───── Available data ─────

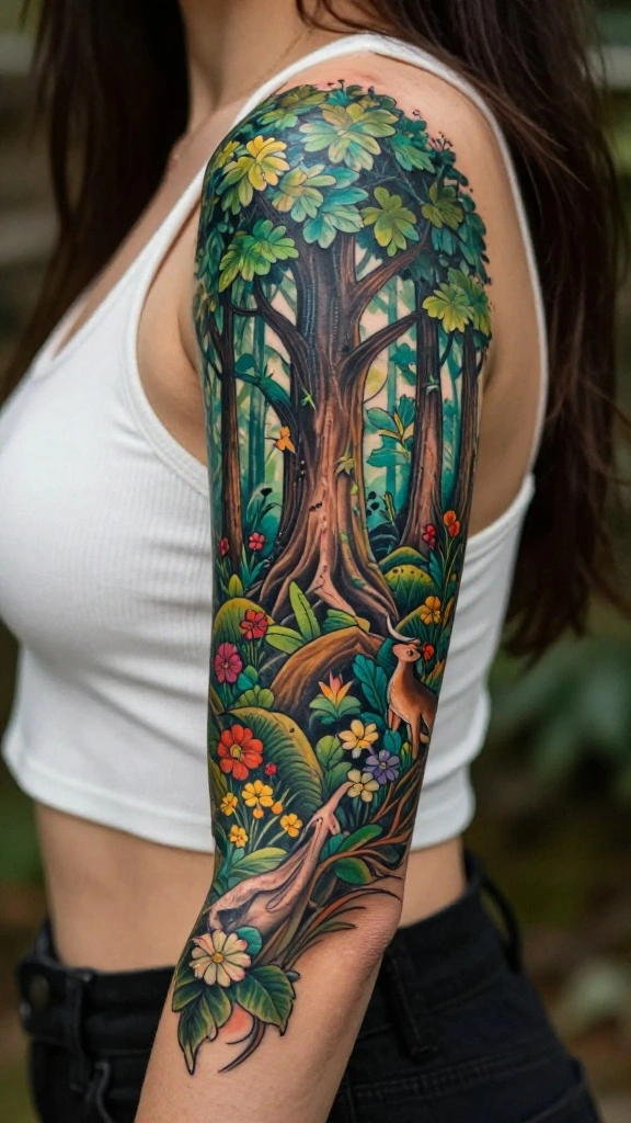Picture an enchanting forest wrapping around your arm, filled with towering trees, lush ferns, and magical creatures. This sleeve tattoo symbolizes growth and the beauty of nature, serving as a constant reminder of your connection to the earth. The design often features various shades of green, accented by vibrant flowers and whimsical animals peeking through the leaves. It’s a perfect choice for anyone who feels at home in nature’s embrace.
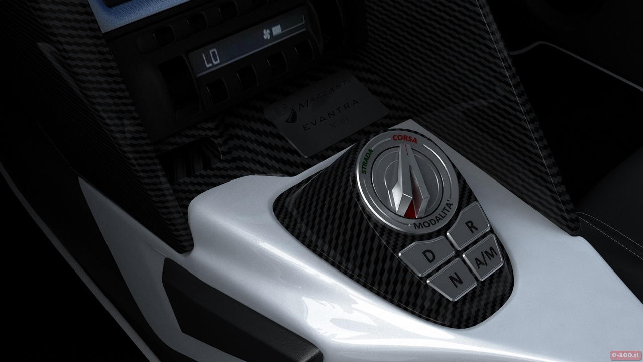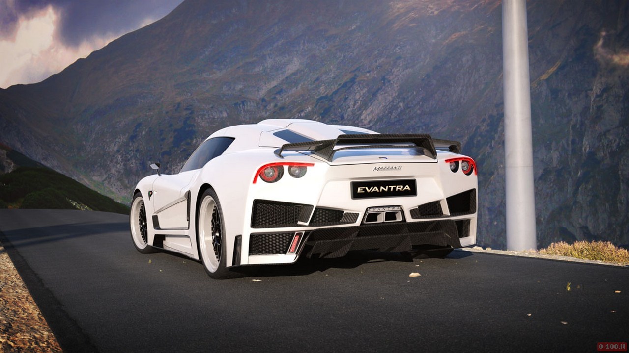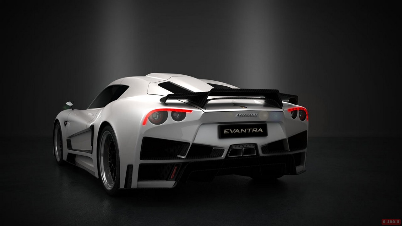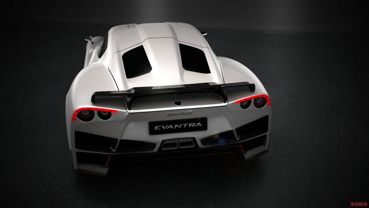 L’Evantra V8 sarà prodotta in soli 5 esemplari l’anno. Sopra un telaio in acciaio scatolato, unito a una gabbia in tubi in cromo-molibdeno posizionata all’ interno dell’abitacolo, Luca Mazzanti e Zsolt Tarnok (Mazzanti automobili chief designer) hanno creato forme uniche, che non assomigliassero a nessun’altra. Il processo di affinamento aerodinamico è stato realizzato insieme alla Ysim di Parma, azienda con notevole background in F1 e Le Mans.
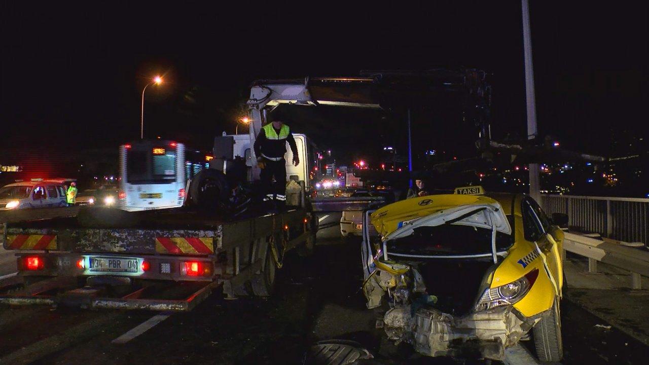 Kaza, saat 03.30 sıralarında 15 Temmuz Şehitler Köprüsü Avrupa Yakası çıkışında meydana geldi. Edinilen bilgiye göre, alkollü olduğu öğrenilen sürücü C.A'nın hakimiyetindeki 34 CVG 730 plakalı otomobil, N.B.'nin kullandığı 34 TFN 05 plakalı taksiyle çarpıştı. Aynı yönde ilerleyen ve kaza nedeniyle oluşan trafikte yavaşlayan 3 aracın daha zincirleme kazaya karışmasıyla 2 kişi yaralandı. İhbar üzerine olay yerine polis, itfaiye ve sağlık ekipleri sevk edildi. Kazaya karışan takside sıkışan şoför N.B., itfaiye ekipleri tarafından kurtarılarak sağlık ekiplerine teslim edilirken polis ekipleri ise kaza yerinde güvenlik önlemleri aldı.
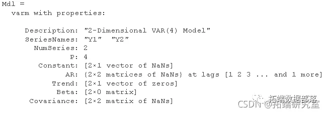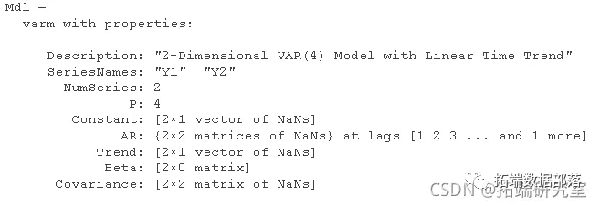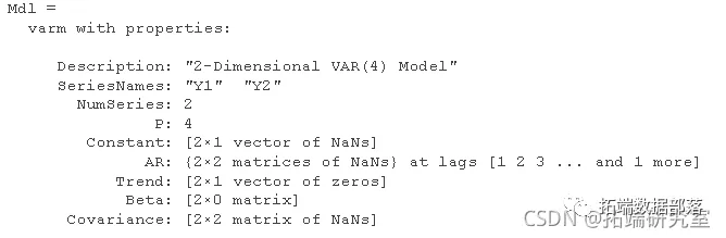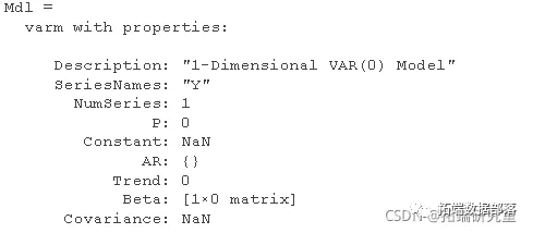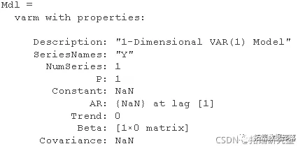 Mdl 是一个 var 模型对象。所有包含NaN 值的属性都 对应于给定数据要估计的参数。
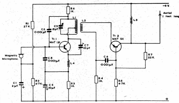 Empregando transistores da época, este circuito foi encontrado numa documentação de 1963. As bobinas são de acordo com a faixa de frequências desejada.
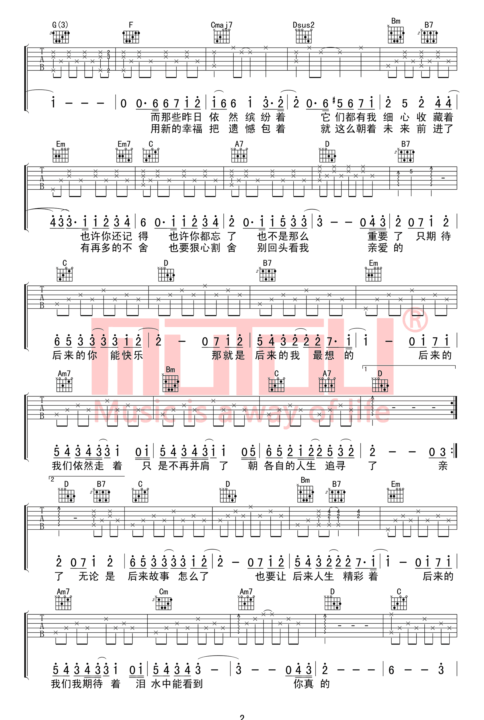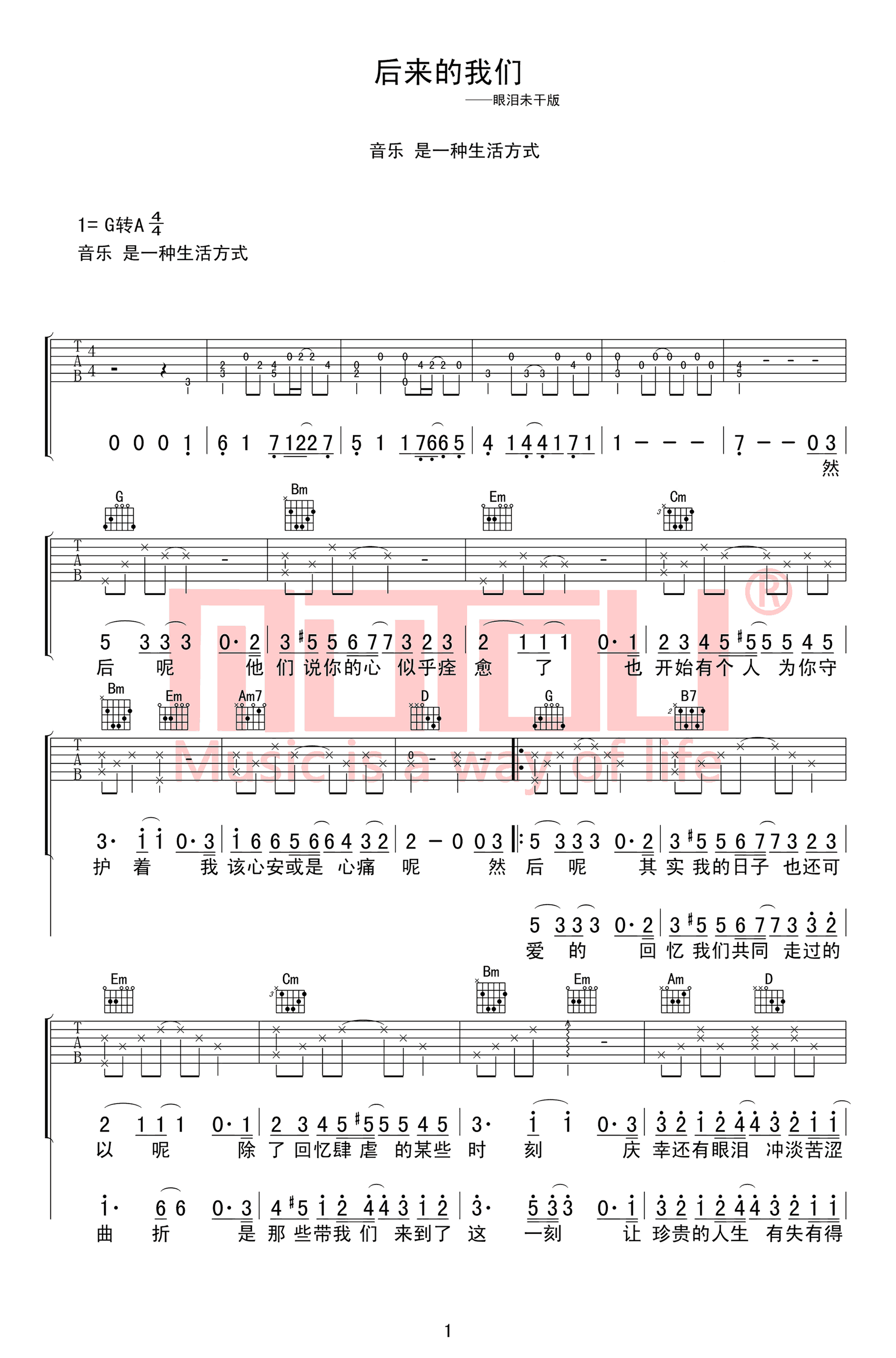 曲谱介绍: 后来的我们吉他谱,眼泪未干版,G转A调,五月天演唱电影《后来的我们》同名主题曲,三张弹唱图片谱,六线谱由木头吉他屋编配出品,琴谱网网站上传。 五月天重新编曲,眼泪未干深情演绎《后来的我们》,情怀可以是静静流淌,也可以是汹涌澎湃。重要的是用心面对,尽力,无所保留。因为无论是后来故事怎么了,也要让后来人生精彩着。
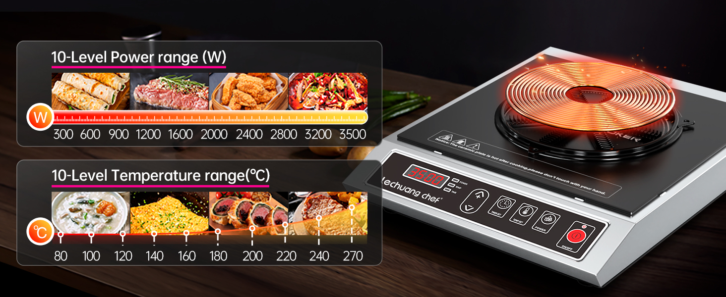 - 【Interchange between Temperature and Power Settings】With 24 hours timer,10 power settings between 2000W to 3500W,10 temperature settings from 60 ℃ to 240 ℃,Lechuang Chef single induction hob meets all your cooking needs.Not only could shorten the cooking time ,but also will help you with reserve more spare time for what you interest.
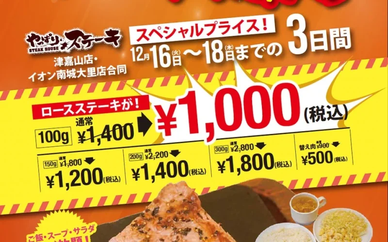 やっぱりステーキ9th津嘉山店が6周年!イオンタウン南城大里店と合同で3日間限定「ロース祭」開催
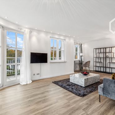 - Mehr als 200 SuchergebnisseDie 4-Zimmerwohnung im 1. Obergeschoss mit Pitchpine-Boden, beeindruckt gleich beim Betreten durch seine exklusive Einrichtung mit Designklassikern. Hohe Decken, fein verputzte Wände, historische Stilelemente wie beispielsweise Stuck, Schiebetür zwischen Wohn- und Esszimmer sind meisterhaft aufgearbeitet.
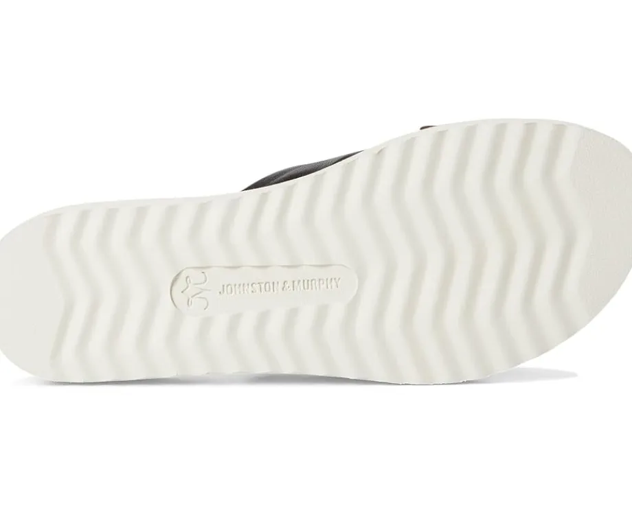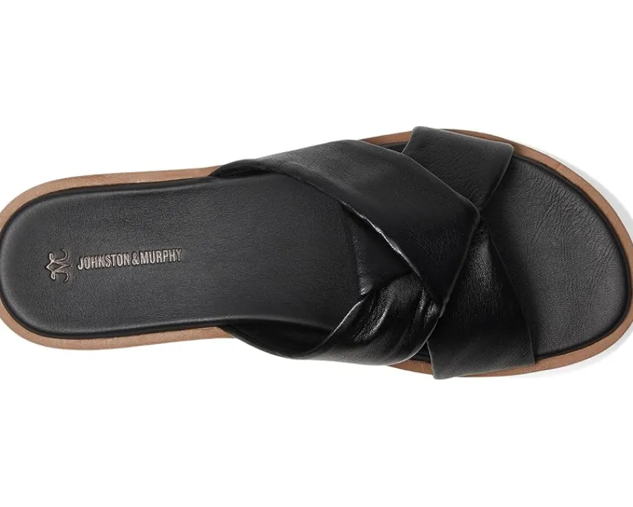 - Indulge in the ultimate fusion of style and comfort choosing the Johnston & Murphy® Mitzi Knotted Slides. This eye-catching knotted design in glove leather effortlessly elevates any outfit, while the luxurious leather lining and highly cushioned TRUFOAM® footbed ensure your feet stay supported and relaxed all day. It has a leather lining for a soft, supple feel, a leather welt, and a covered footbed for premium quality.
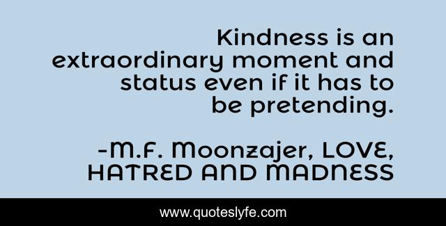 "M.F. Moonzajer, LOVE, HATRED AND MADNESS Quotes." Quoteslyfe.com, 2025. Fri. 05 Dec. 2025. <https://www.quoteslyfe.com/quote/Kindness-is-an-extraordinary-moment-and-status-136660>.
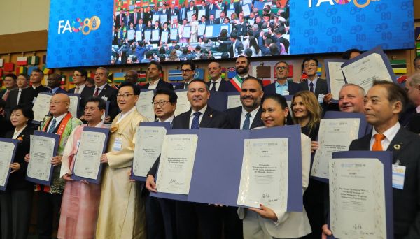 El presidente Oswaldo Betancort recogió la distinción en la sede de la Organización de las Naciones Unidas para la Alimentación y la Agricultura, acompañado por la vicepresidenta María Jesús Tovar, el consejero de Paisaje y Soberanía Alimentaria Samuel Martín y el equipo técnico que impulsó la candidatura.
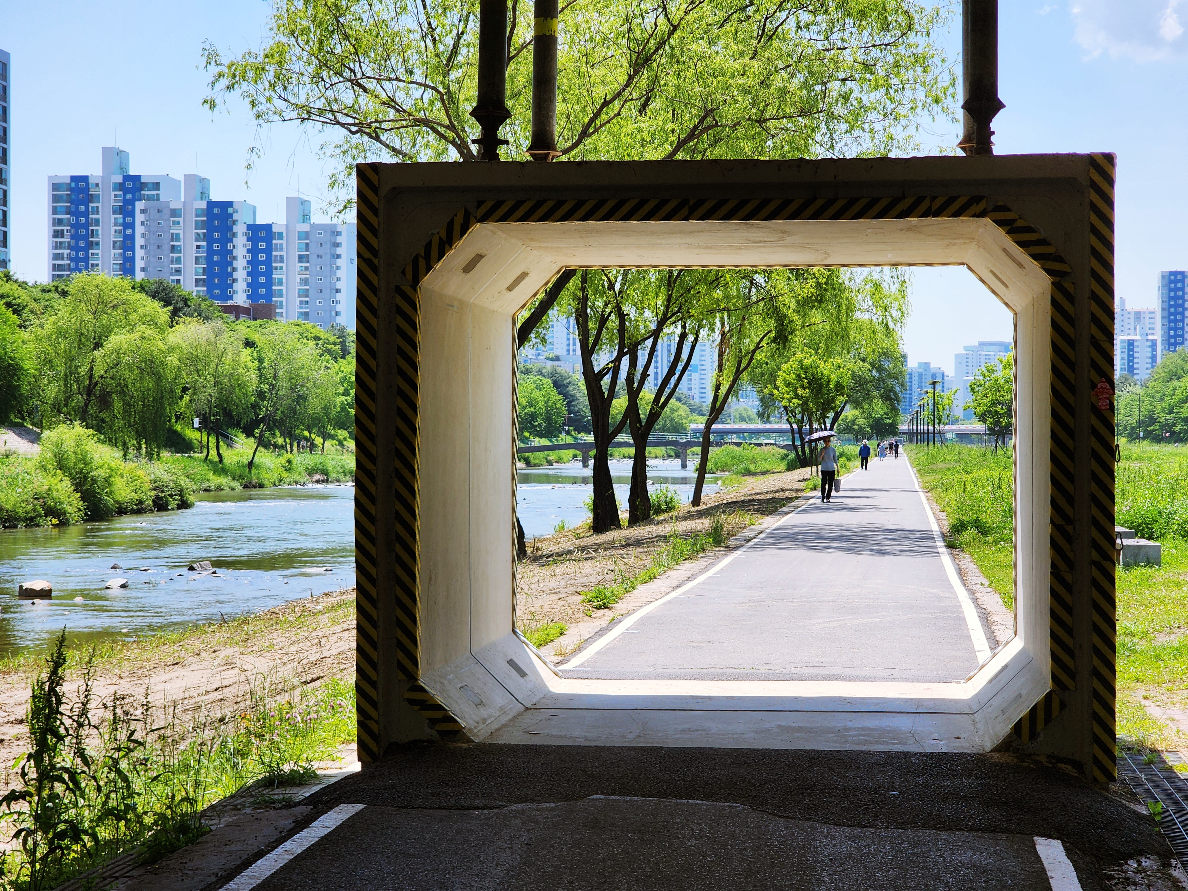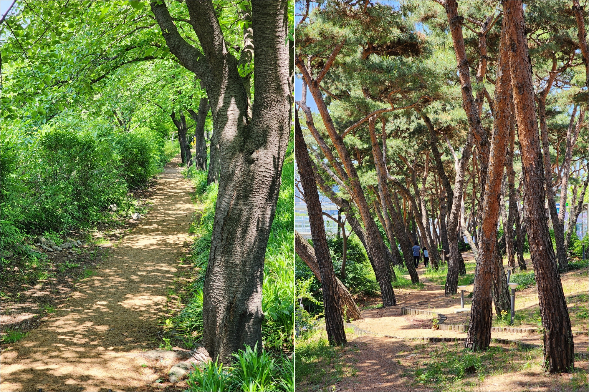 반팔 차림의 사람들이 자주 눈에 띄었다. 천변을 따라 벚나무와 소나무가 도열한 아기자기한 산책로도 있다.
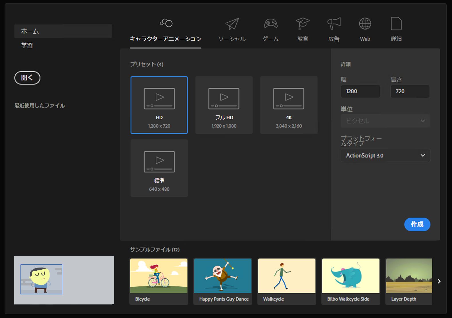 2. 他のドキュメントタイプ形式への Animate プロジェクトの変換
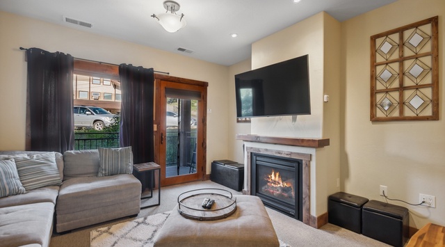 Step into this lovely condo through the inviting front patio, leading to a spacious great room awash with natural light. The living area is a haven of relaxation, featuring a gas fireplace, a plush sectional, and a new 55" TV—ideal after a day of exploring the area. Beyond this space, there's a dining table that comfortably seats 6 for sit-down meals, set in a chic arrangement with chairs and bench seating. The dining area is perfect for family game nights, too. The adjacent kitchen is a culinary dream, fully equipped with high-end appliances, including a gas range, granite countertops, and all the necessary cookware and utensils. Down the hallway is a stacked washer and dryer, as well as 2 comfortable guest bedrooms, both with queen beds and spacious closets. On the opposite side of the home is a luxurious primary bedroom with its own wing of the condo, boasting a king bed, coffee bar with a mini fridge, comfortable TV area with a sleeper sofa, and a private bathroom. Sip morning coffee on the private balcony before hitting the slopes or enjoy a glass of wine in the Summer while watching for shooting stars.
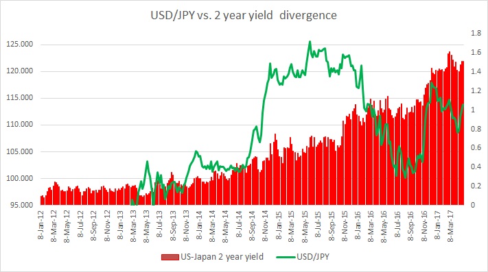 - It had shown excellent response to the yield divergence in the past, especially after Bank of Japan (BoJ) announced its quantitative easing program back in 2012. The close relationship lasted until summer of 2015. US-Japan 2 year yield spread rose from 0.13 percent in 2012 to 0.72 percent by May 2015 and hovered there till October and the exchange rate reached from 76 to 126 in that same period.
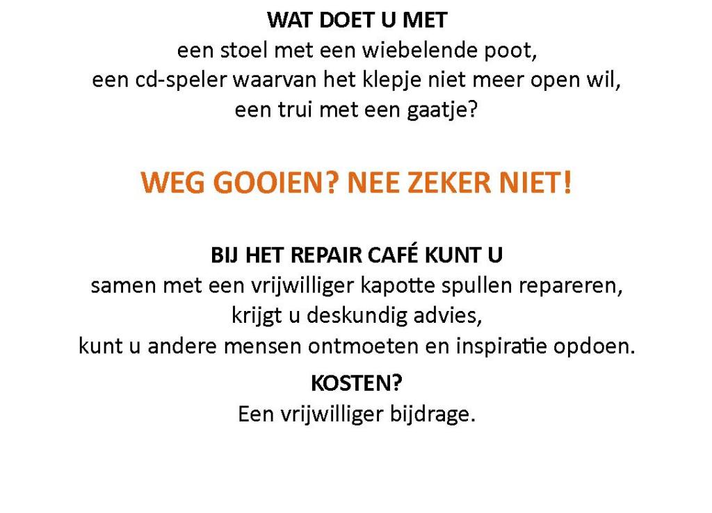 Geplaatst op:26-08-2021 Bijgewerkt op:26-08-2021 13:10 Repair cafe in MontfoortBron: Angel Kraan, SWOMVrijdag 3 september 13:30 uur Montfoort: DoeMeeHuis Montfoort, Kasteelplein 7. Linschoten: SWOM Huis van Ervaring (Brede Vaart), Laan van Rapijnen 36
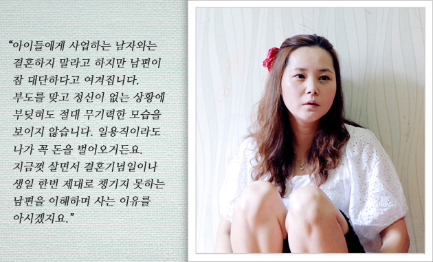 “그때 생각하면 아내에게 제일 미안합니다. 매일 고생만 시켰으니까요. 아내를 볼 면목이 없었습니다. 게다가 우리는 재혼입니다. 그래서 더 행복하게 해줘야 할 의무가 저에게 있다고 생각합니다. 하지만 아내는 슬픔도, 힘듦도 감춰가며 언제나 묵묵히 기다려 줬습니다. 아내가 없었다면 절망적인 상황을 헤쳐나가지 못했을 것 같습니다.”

─────

Starting at the line that contains "Empregando transistores da" and ending at the line that contains "やっぱりステーキ9th津嘉山", transcribe the material above exactly, excluding pictures.

= Solved exercise =
 Empregando transistores da época, este circuito foi encontrado numa documentação de 1963. As bobinas são de acordo com a faixa de frequências desejada.
 曲谱介绍: 后来的我们吉他谱,眼泪未干版,G转A调,五月天演唱电影《后来的我们》同名主题曲,三张弹唱图片谱,六线谱由木头吉他屋编配出品,琴谱网网站上传。 五月天重新编曲,眼泪未干深情演绎《后来的我们》,情怀可以是静静流淌,也可以是汹涌澎湃。重要的是用心面对,尽力,无所保留。因为无论是后来故事怎么了,也要让后来人生精彩着。
 - 【Interchange between Temperature and Power Settings】With 24 hours timer,10 power settings between 2000W to 3500W,10 temperature settings from 60 ℃ to 240 ℃,Lechuang Chef single induction hob meets all your cooking needs.Not only could shorten the cooking time ,but also will help you with reserve more spare time for what you interest.
 やっぱりステーキ9th津嘉山店が6周年!イオンタウン南城大里店と合同で3日間限定「ロース祭」開催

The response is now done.